§ **WHAT IS BEING ASKED**
Copied exactly and without pictures, the lines from the beginning of the entries through the one that holds "страна на монтаж: предна" should form the entire reply.

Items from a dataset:
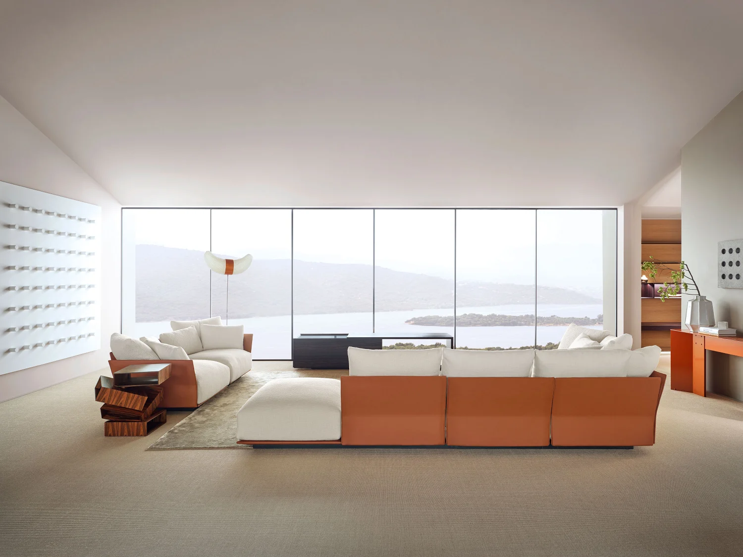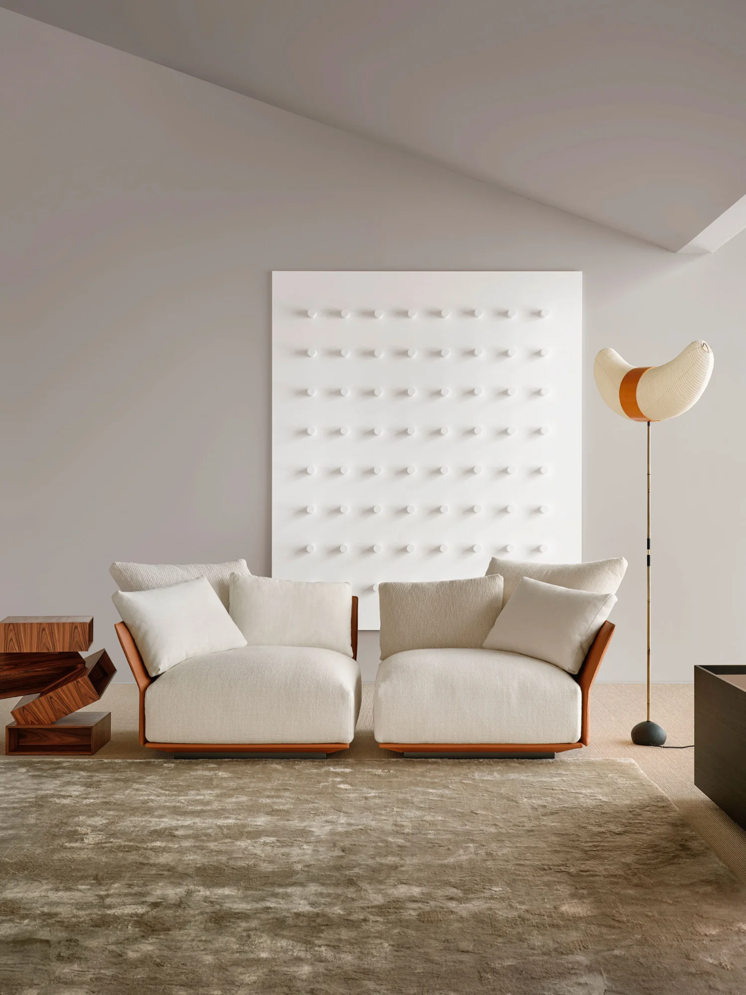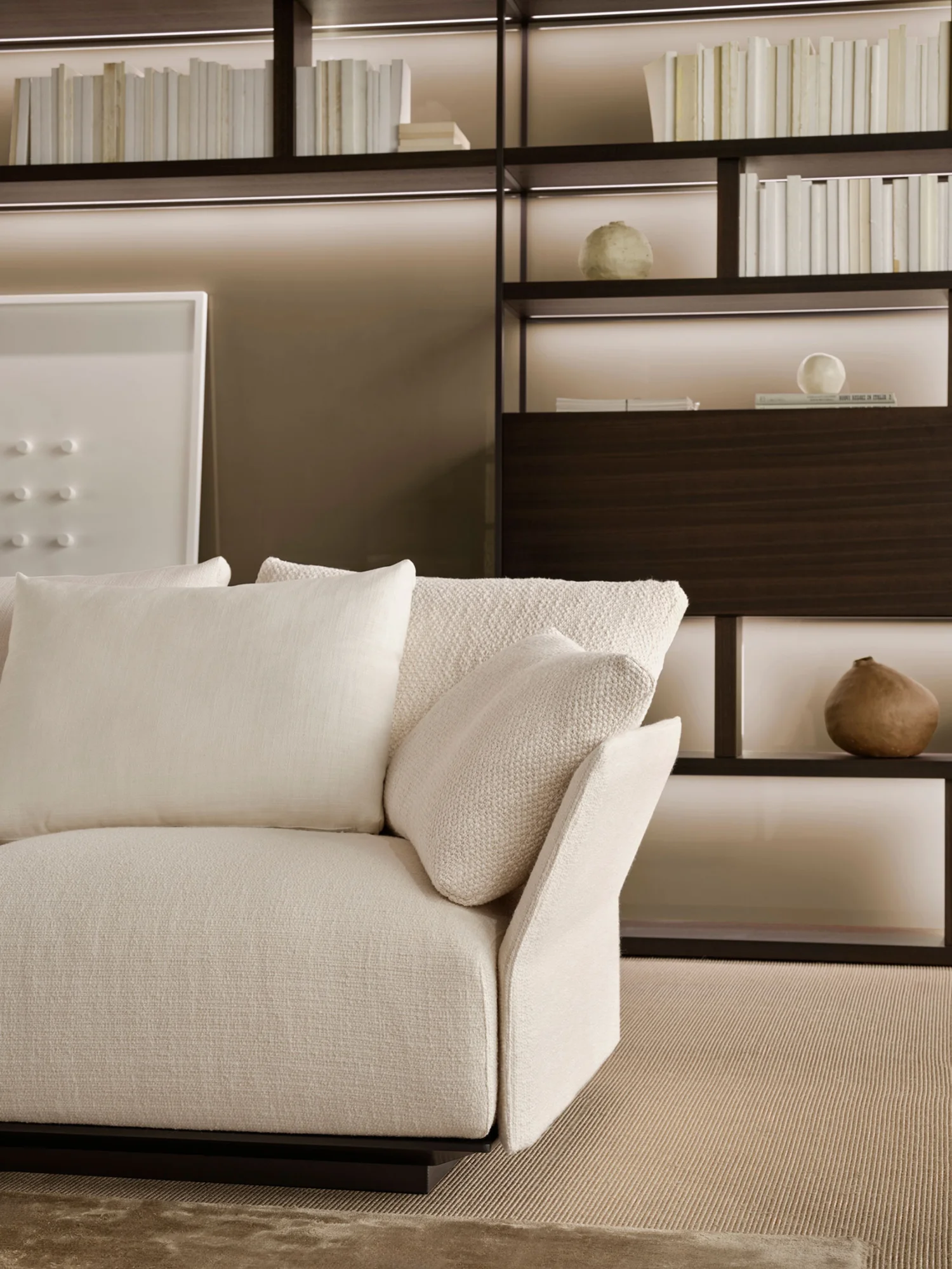 The sofa rests directly on the floor with a solid base — available in upholstered or lacquered versions — into which the distinctive wing-shaped backrests and armrests are set, clad in either fabric or leather. Slightly tilted backward, these elements define the profile with elegance and lightness, introducing a sense of openness and movement that enlivens the composition.
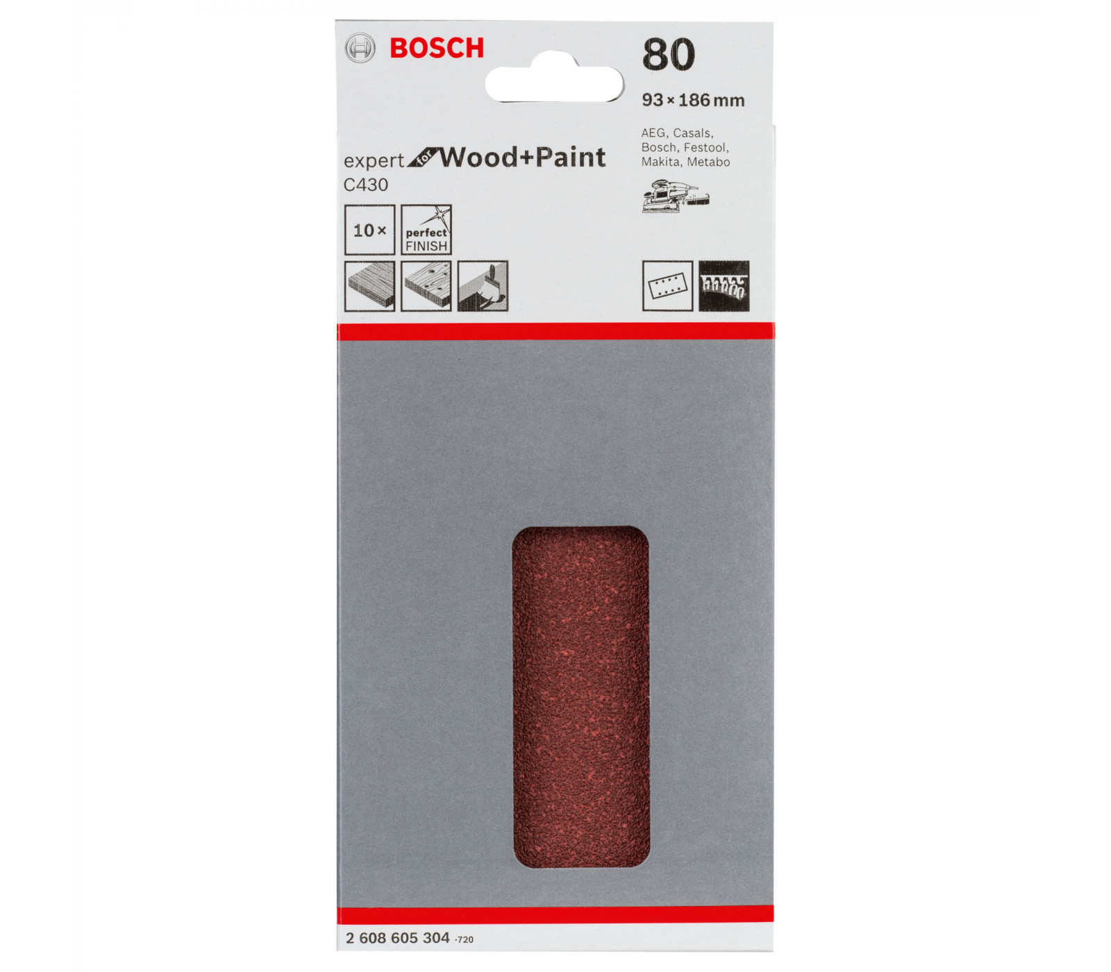 Bosch slīppapīrs C430, 93 x 186 mm, 80 smiltis, 10 gab.
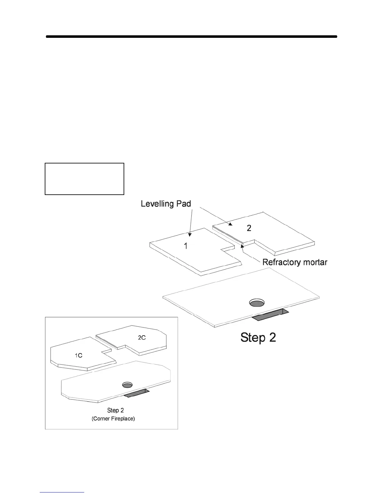 Lay the two halves of the Leveling Pad in a 1/2" (12mm) bed of common mortar, using refractory
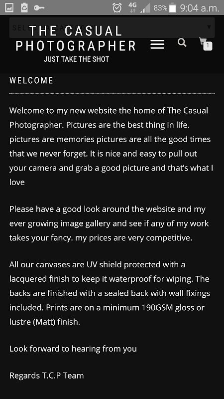 All our canvases are UV shield protected with a lacquered finish to keep it waterproof for wiping. The backs are finished with a sealed back with wall fixings included. Prints are on a minimum 190GSM gloss or lustre (Matt) finish.
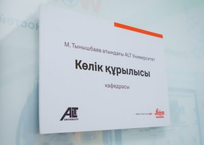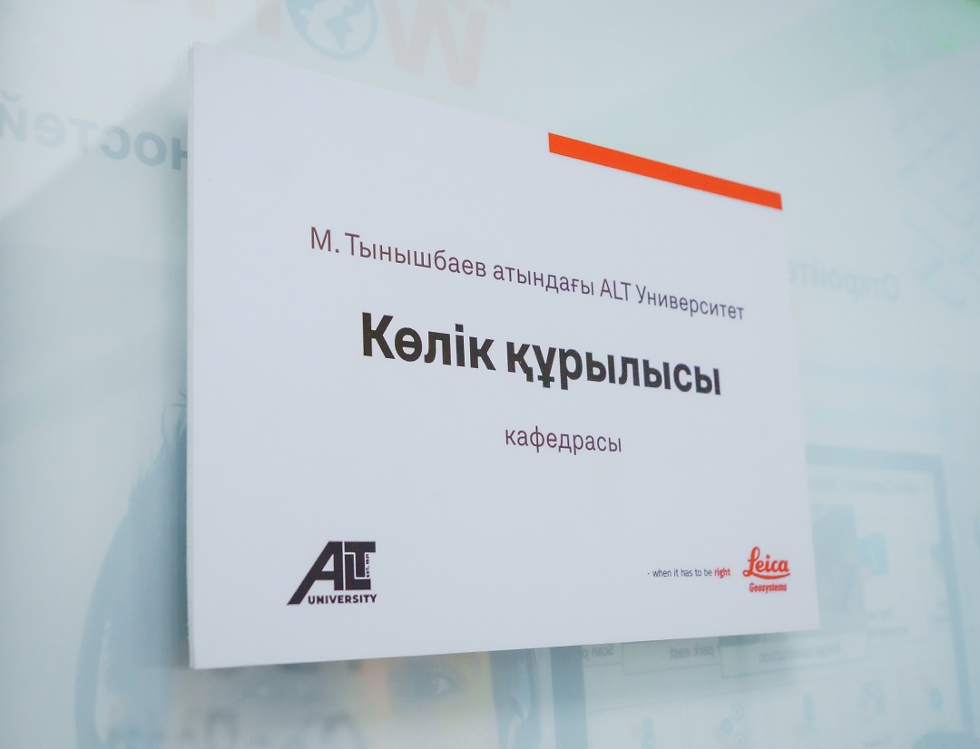 Білім алушылардың практикалық және ғылыми-зерттеу даярлығының сапасын арттыру, сондай-ақ заманауи геодезиялық жабдыққа, цифрлық технологияларға және инновациялық шешімдерге қолжетімділікті арттыру үшін 07.11.2025 ж. «Leica Geosystems Kazakhstan» ЖШС базасында «Көлік құрылысы»кафедрасының филиалы ашылды. Ашылу барысында «Мұхамеджан Тынышбаев атындағы ALT Университеті» АҚ Басқарма Төрағасы-ректоры Меруерт Советқызы Жармағамбетова мен компанияның бас директоры Марина Александровна Кочетованың қатысуымен өтті.
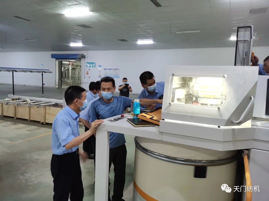 天門紡機“全球首款超大卷裝雙眼高速自調(diào)勻整并條機”—TM19自6月份上海展會首次亮相后,已布點在不同客戶處并線試紡3月有余。為了解該機并線后的真實使用情況,9月18日,天門紡機董事長沈方勇、總經(jīng)理焦倫進帶領(lǐng)技術(shù)研發(fā)人員組成的TM19評估組,專程赴卓爾天龍紡織公司,現(xiàn)場考察實際使用情況,征求客戶意見建議。
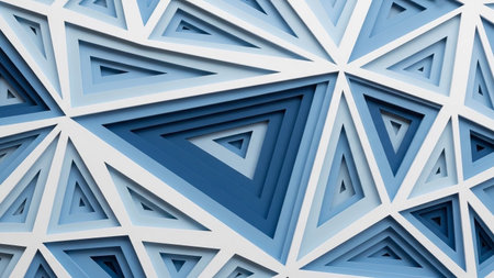 presents a striking abstract geometric pattern composed of numerous layered triangles. The triangles are arranged in a symmetrical, repeating formation, creating a sense of depth and visual complexity. Shades of blue and white are used, with darker blues forming the inner layers and white forming the outer edges, giving the impression of carved or folded surfaces. The clean lines and precise arrangement make it a modern and visually engaging
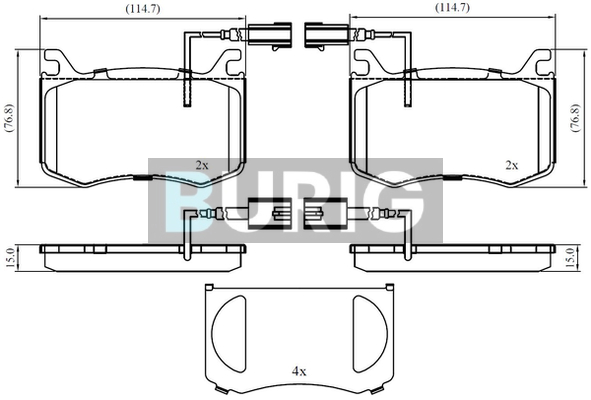 страна на монтаж: предна освисочина: 77,1mmдебелина: 15,2mmдължина на контактния датчик: 160mmконтактен датчик за износване: вкл. контактен датчик за износванеконтролен знак за преглед: E1 90R-02A0629/0167ширина: 114,5mm
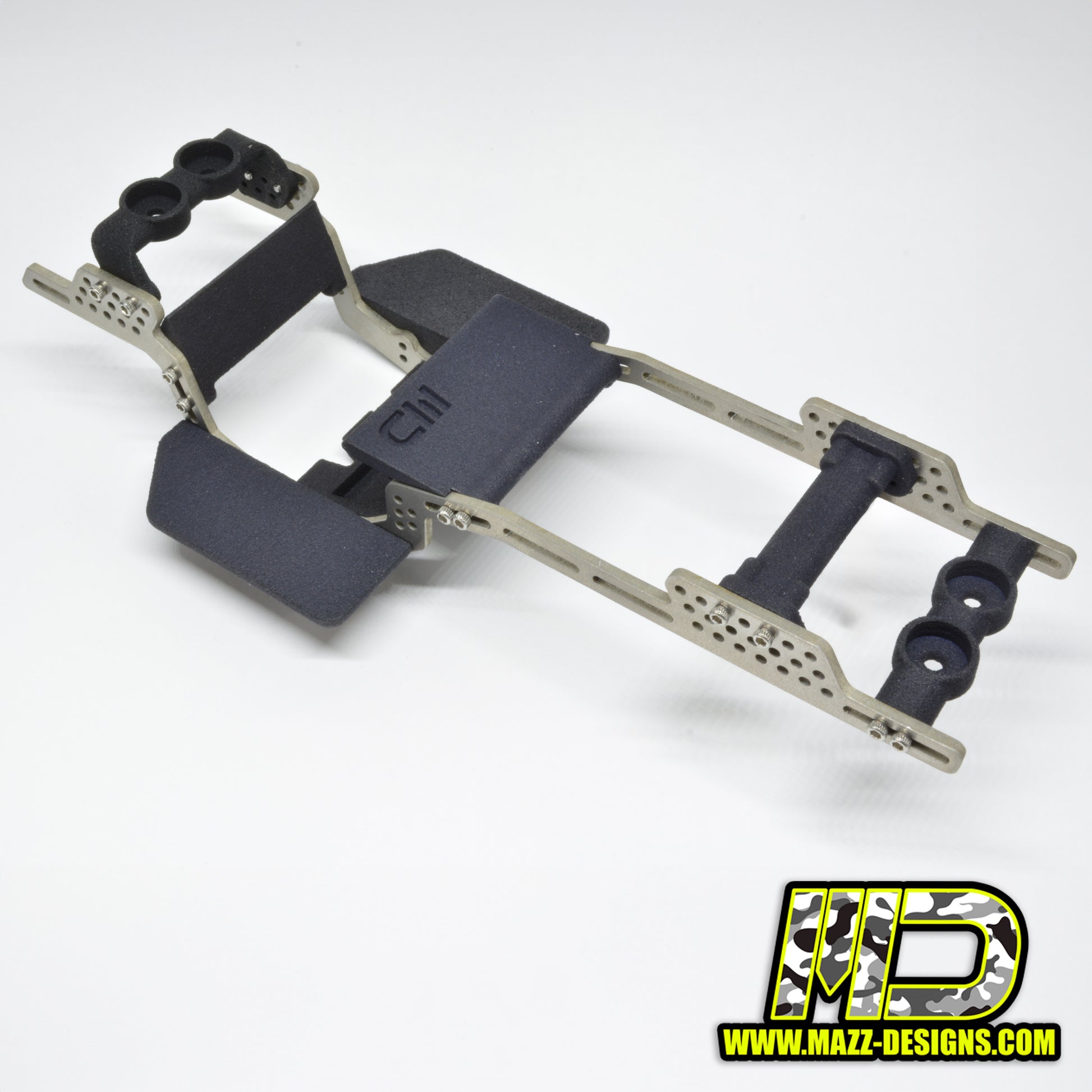 Chassis includes 2 body mag mounts, 1 raised front body mount, 1 rear flush mount, and a shock tower brace. Both mounts now have a 6 hole pattern to allow for the most amount of shock and body mounting options. Magnets included!
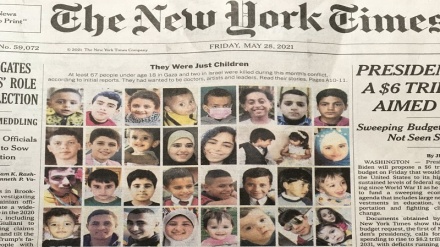 May २९, २०२१ १८:४४अमरीकी समाचार पत्र न्यूयार्क टाइम्ज़ ने ग़ज़्ज़ा युद्ध के दौरान शहीद होने वाले 64 बच्चों की तस्वीरें अपने फ़्रंट पेज पर छापी है।
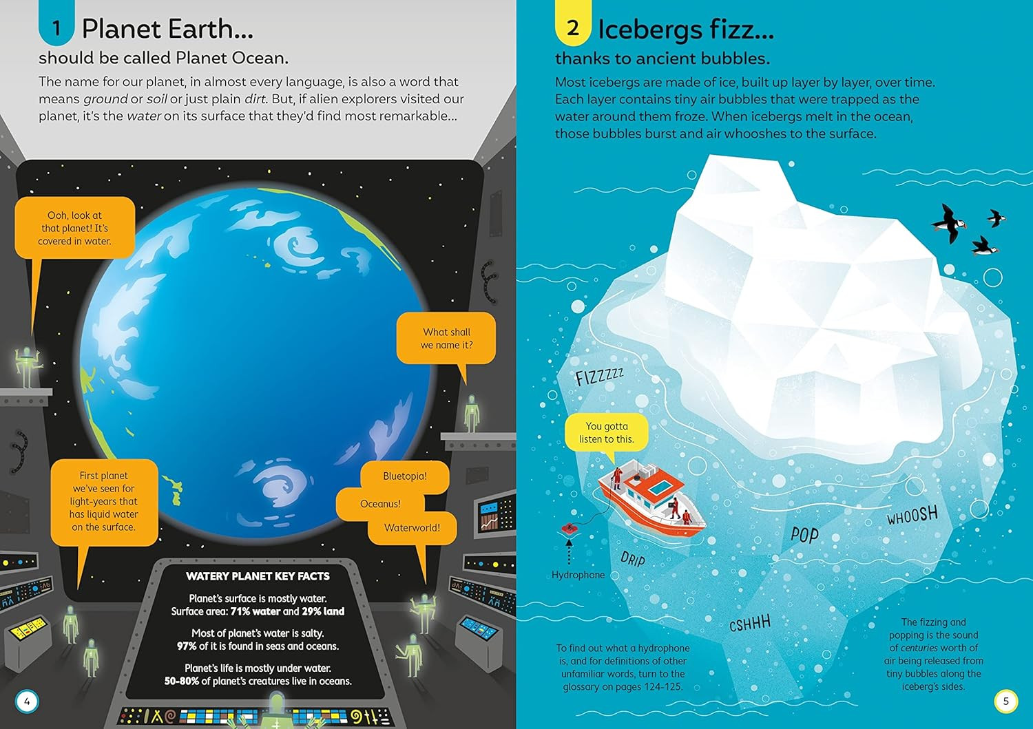 An eye-catching information book filled with one hundred quirky and surprising facts about the seas and oceans. Do fish wear pyjamas? What’s the sound of an iceberg melting? How many sheep did it take to launch a Viking longship? Which is faster — a tsunami or a bullet train? Find the answers to these and many more questions in a book that explores the history, science, environment and art of our planet’s seas and oceans. Richly illustrated and perfect for broadening children’s knowledge of an essential subject, away from the classroom. Part of the popular ’100 Things to Know’ series, ideal gifts for fact-hungry children. Each page features a new fact supported by clear, comprehensible explanations and bold illustrations, maps and infographics. Perfect to dip in and out of, alone or with friends and family. |

§ **RESPONSE BOX**
 The sofa rests directly on the floor with a solid base — available in upholstered or lacquered versions — into which the distinctive wing-shaped backrests and armrests are set, clad in either fabric or leather. Slightly tilted backward, these elements define the profile with elegance and lightness, introducing a sense of openness and movement that enlivens the composition.
 Bosch slīppapīrs C430, 93 x 186 mm, 80 smiltis, 10 gab.
 Lay the two halves of the Leveling Pad in a 1/2" (12mm) bed of common mortar, using refractory
 All our canvases are UV shield protected with a lacquered finish to keep it waterproof for wiping. The backs are finished with a sealed back with wall fixings included. Prints are on a minimum 190GSM gloss or lustre (Matt) finish.
 Білім алушылардың практикалық және ғылыми-зерттеу даярлығының сапасын арттыру, сондай-ақ заманауи геодезиялық жабдыққа, цифрлық технологияларға және инновациялық шешімдерге қолжетімділікті арттыру үшін 07.11.2025 ж. «Leica Geosystems Kazakhstan» ЖШС базасында «Көлік құрылысы»кафедрасының филиалы ашылды. Ашылу барысында «Мұхамеджан Тынышбаев атындағы ALT Университеті» АҚ Басқарма Төрағасы-ректоры Меруерт Советқызы Жармағамбетова мен компанияның бас директоры Марина Александровна Кочетованың қатысуымен өтті.
 天門紡機“全球首款超大卷裝雙眼高速自調(diào)勻整并條機”—TM19自6月份上海展會首次亮相后,已布點在不同客戶處并線試紡3月有余。為了解該機并線后的真實使用情況,9月18日,天門紡機董事長沈方勇、總經(jīng)理焦倫進帶領(lǐng)技術(shù)研發(fā)人員組成的TM19評估組,專程赴卓爾天龍紡織公司,現(xiàn)場考察實際使用情況,征求客戶意見建議。
 presents a striking abstract geometric pattern composed of numerous layered triangles. The triangles are arranged in a symmetrical, repeating formation, creating a sense of depth and visual complexity. Shades of blue and white are used, with darker blues forming the inner layers and white forming the outer edges, giving the impression of carved or folded surfaces. The clean lines and precise arrangement make it a modern and visually engaging
 страна на монтаж: предна освисочина: 77,1mmдебелина: 15,2mmдължина на контактния датчик: 160mmконтактен датчик за износване: вкл. контактен датчик за износванеконтролен знак за преглед: E1 90R-02A0629/0167ширина: 114,5mm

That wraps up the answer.